Мать ни на шутку разозлилась, и это ее не украшало: глаза стали стеклянными, а голос вульгарным. Мне было приятно видеть это. Всегда приятно видеть, когда красивые лица так уродуются.

– Ты меня лишила многого! Я не знала отцовской любви, да и материнской тоже!

– Из-за тебя я никогда не знала, что значит испытать гордость за своего ребенка. Ты была моим стыдом!

– Почему ты не сделала аборт? – не унималась я. – С твоей стороны это было бы благородно!

– Я тебе дала жизнь!

– На хера мне такая жизнь?! – прошипела я.

– Ты вся пропитана ненавистью и упиваешься ею!
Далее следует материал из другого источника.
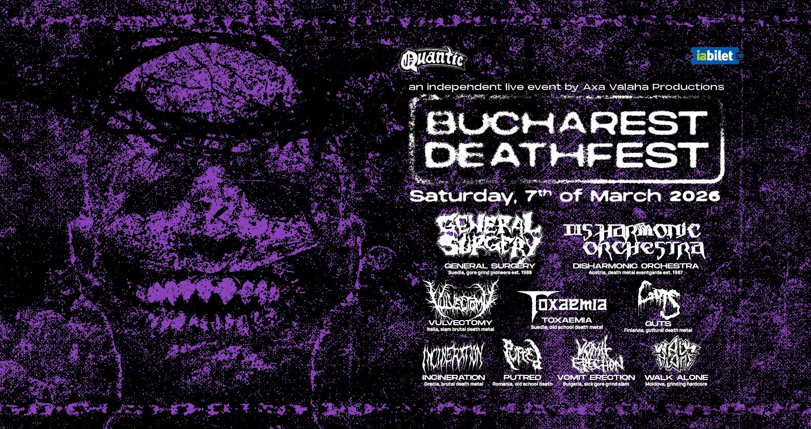 Primavara incepe abrupt si brutal cu 11 trupe death metal si alte genuri asociate, cele mai multe in premiera in Romania, metal market consistent, atmosfera de carnaval pentru cine simte nevoia sa se costumeze, liber la dansuri, crowdsurfing si mosphit obligatoriu, food & drinks pe alese prin intermediul Quantic.

Как ты не понимаешь, что это угнетает и мучает тебя, делая еще уродливее?

– Да! Я вся угнетена и измучена! Ты не знала этого? Чего еще можно ждать от такой, как я? – кричала я. – От юродивой!

– Тебе нравится жалеть себя и плакаться: «Я вся такая несчастная, юродивая», вместо того, чтобы предпринять что-нибудь.

– Заботиться обо мне нужно было раньше, а ты всю жизнь заботилась только о себе. Каждый лишний килограмм для тебя был большей трагедией, чем все мои ангины и пневмонии. Хорошие матери пекутся не только о своей красоте, но и о дочерях.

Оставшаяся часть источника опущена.